Authored by sgraenitz on Feb 12 2021, 12:27 PM.

Details

Reviewers
lhames
dblaikie
Summary

First proposal for debugging support in JITLink. For now, only in-process x86-64 ELF. Please consider it a work-in-progress.

The JITLinkGDBLoaderPlugin forwards object files from ObjectLinkingLayer to an attached debugger through the GDB JIT Interface [1]. It implements ObjectLinkingLayer::Plugin::notifyLoaded() and expects an additional argument: a callback function that prepares a in-memory debug object for the given MaterializationResponsibility on request. The patch aims to keep overhead in generic execution paths minimal. Additional efforts for debug registration should reside in the callback.

Furthermore, responsibility for the preparation of the actual debug object buffer lies with the respective JITLink backend, so we can keep all format/architecture-specific code in one place. In this first sketch it's accomplished with another callback from linkPhase1 to the backend. While the JITLinkContext might be considered the natural owner of the function pointer, it is currently stored in the LinkGraph, because this is our only connection to the backend. The goal was to keep patch small and seek feedback first.

[1] https://sourceware.org/gdb/current/onlinedocs/gdb/JIT-Interface.html

Diff Detail

Event Timeline

sgraenitz created this revision.Feb 12 2021, 12:27 PM
sgraenitz requested review of this revision.Feb 12 2021, 12:27 PM
Herald added a project: Restricted Project. · View Herald TranscriptFeb 12 2021, 12:27 PM

This should work with the current state:

> cat jitbp.cpp
int jitbp() { return 0; }
int main() { return jitbp(); }
> clang -c -g -fPIC --target=x86_64-unknown-unknown-elf -o jitbp.o jitbp.cpp
> bin/lldb -o 'settings set plugin.jit-loader.gdb.enable on' -o 'b runAsMain' -o 'run jitbp.o' bin/llvm-jitlink
Process 65394 stopped
(lldb) b jitbp
Breakpoint 2: where = JIT(0x7ffff7fcd000)`jitbp() + 6 at jitbp.cpp:1:15, address = 0x00007ffff7fce006
(lldb) c
Process 65394 resuming
(lldb) Process 65394 stopped
* thread #1, name = 'llvm-jitlink', stop reason = breakpoint 2.1
    frame #0: 0x00007ffff7fce006 JIT(0x7ffff7fcd000)`jitbp() at jitbp.cpp:1:15
-> 1    int jitbp() { return 0; }
   2    int main() { return jitbp(); }

This is very exciting.

This is adopting RuntimeDyld's approach of patching section addresses to inform the debugger about final locations. I think this is ideal for a prototype, but probably not the right approach to the final version. I've only got two loosely formed thoughts on this so far:

(1) We shouldn't special-case the JITLinkContext callbacks except as a last resort. If we have to use them at all we should prefer making any information required available via generic structures like the LinkGraph.
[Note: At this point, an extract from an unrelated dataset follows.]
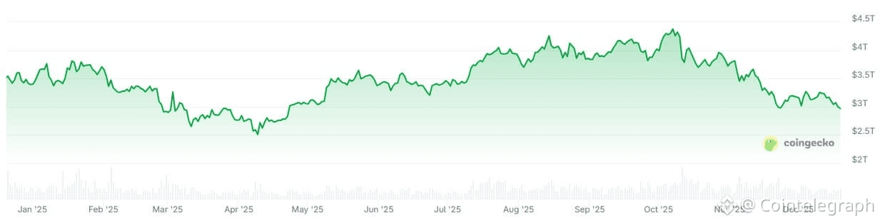 However, crypto markets are on track to end the year lower than when they began, with the total market capitalization falling more than 32% from its all-time high of $4.4 trillion in early October and almost 13% down from Jan. 1.

In this case I think you could build a SectionRange for each JITLink::Section rather than rely on the SegmentLayout.

(2) If we constructed the debug object file from scratch (rather than mutating the existing one) then we could

  • support debug info for raw LinkGraphs (very attractive for long term performance -- avoids serializing / deserializing to objects),
  • reduce memory usage by not redundantly representing non-debug sections in the debug object
  • potentially dead strip debug info to further reduce memory overhead

Whether any of this is reasonable, and how much would it would be is another question. Probably time for me to learn some DWARF. :)

Dave -- do you have any immediate thoughts?

Hi Lang, thanks for your feedback!

(2) If we constructed the debug object file from scratch (rather than mutating the existing one)

Let me see if I understand that right. At the moment LinkGraphBuilder skips DWARF sections in createNormalizedSections() so they will not appear in the linker's resulting target memory allocation. Instead we decide about requesting the debug object i the plugin after we built the LinkGraph and make a separate allocation for it. You propose that we could change that and let the LinkGraph prepare the debug sections in a format that could be passed to the debugger? The plugin could query the target memory addresses from the LinkGraph and pass them to the debugger.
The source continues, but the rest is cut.